DEPR: groupby.grouper by rhshadrach · Pull Request #56521 · pandas-dev/pandas (original) (raw)
Using result_index
is not currently reliable:
df = pd.DataFrame(
{
"a": pd.Categorical([1], categories=[1, 2]),
"b": pd.Categorical([1], categories=[1, 2]),
"c": 5,
}
)
gb = df.groupby(["a", "b"])
print(gb.grouper.result_index)
# MultiIndex([(1, 1)], names=['a', 'b'])
print(gb.size())
# a b
# 1 1 1
# 2 0
# 2 1 0
# 2 0
# dtype: int64
though #55738 will fix this in all cases I know of. An alternative is to perform a reduction and take the index from the result.
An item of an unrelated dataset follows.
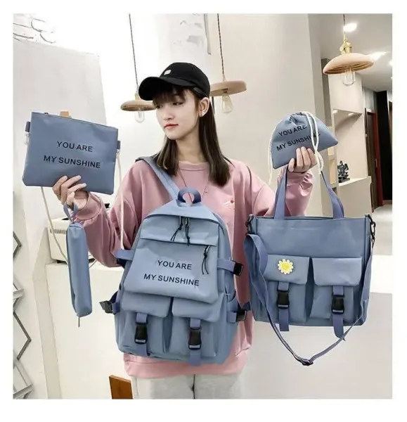 هذه المحفظة ليست مجرد حقيبة واحدة، بل طقم متكامل من 5 قطع مصممة بعناية لتلائم جميع احتياجاتك اليومية والدراسية. بفضل الألوان الجذابة والتفاصيل الدقيقة، تضيف لمسة من الأناقة والتميز لإطلالتك. المواد المستعملة متينة وخفيفة الوزن في نفس الوقت، ما يجعل الطقم مناسب للاستعمال الطويل دون عناء.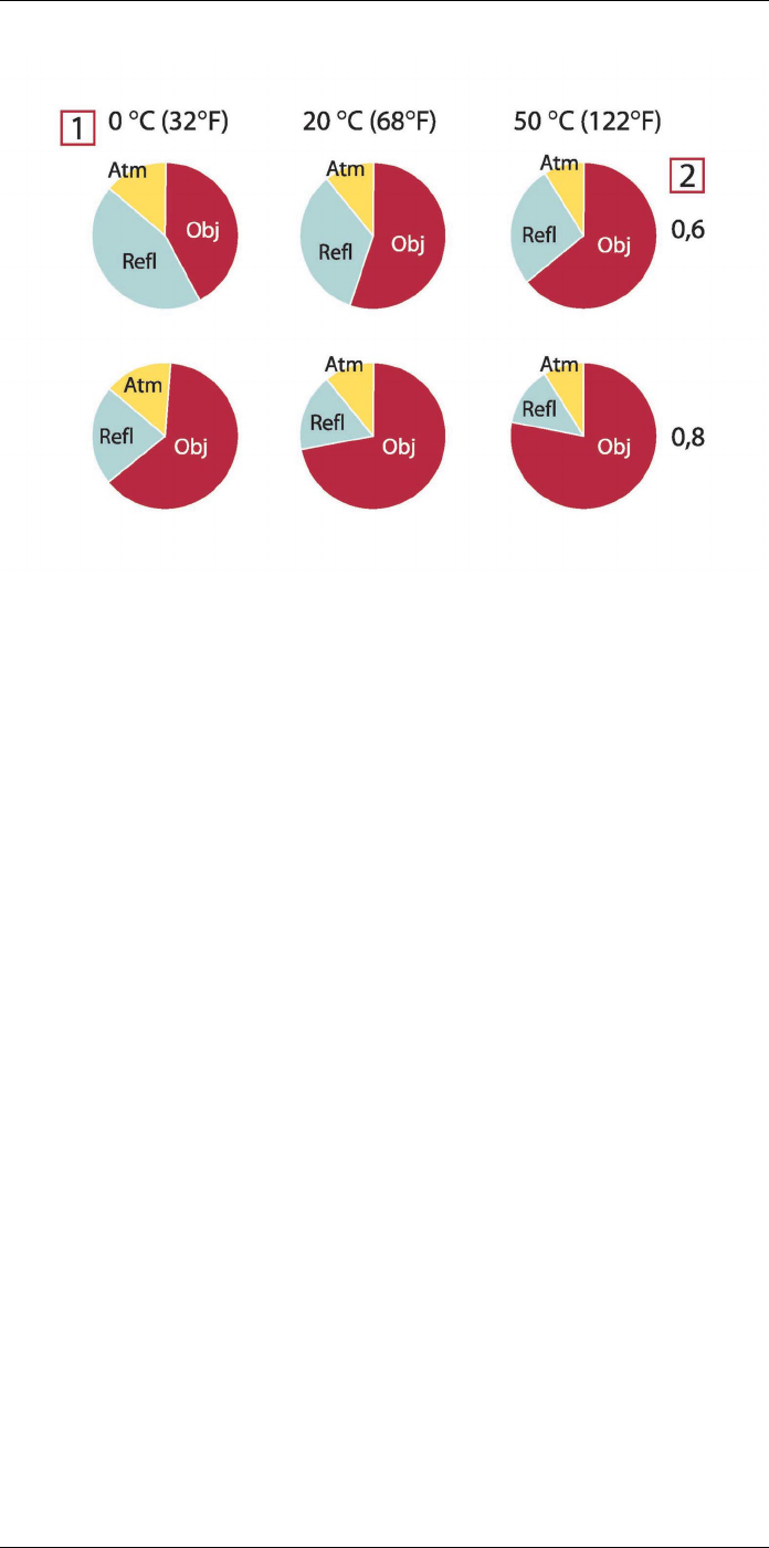 era). 1: Object temperature; 2: Emittance; Obj: Object radiation; Refl: Reflected radiation; Atm: atmos-

I recommend size
for this as it doesn't require as much computation as other methods.
size = 100_000
df = pd.DataFrame({'a': np.random.randint(0, 100, size), 'b': np.random.randint(0, 100, size), 'c': np.random.random(size)})
%timeit df.groupby(['a', 'b']).size().index
# 3.68 ms ± 6.2 µs per loop (mean ± std. dev. of 7 runs, 100 loops each)
%timeit df.groupby(['a', 'b'])._grouper.result_index
# 3.36 ms ± 31.9 µs per loop (mean ± std. dev. of 7 runs, 100 loops each)
We do not need to deprecate grouper
for #55738, only certain grouper attributes (see #56149)